The Times newspaper, owned by Rupert Murdoch, has yet to really come out strongly in favour of Tory leader David Cameron, preferring to stick, for the time being, with the Labour Party, or at least maintain a sort of studied neutrality. If you can recall that far back, Blair famously courted Murdoch’s media empire ahead of the 1997 election, convincing Murdoch that a Labour administration would not repeat the mistakes of the past. It worked, and the Times gave Blair and his court a remarkably easy ride for the first few years of Blair’s time in office.

Even so, with Labour in deep trouble, Blair and finance minister Gordon Brown at each others’ throats, the position of the Tories appears to be more promising than for a long time. You might think that Cameron, even though he has shown himself to be trend-follower since becoming leader, might take the odd risk by not trying to creep up to fashionable chattering-class opinion on such issues as Iraq, the Israeli-Hizbollah conflict and the ongoing campaign to crush Islamic fanaticism. Instead, as the Times notes today, what we get is a mixture of truths, half-truths and vacuous sound-bytes on foreign affairs.

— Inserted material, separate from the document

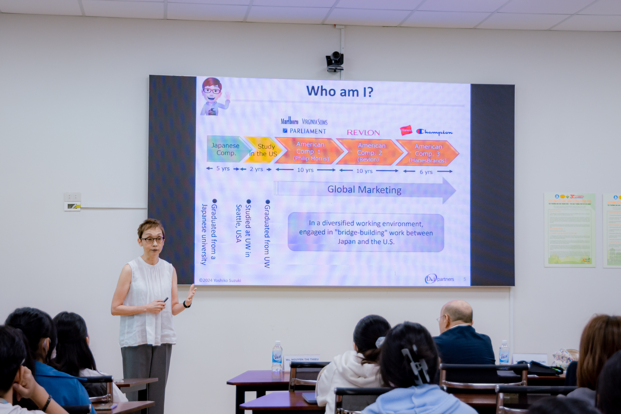 Còn ở phần “Marketing quốc tế”, cô Suzuki đã giúp sinh viên phân biệt được kinh doanh quốc tế và kinh doanh trong nước, nắm bắt những điều quan trọng nhất về tiếp thị và hiểu rõ tầm quan trọng của việc xây dựng “cầu nối” (bridge-building) giữa các quốc gia cũng như những mấu chốt của một chiến lược kinh doanh quốc tế thành công.

Apologists for Cameron – some of whom pop up on the comment threads here – like to use the following, rather damning argument. It goes like this: the public will never vote for a small-government, strongly pro-capitalist, pro-America, pro-liberty Tory Party. The English middle class floating voters, so the argument goes, are not exactly the most intelligent demographic on the surface of the Earth, and are convinced that any tax cuts must come at the expense of the poor, the health service and education. Capitalism is cruel and rather naughty. Saving the planet and forcing people to give up their cars is a Jolly Good Idea (for other people). So Cameron, realising that this is what people think, has to appeal to this mindset. Once he is in power, suddenly, he can give up the “hug-a-mugger” rhetoric, tell the Greenies to go hang, slash taxes and regulations, restore in full the English Common Law, stop nagging us about eating chocolate oranges, etc.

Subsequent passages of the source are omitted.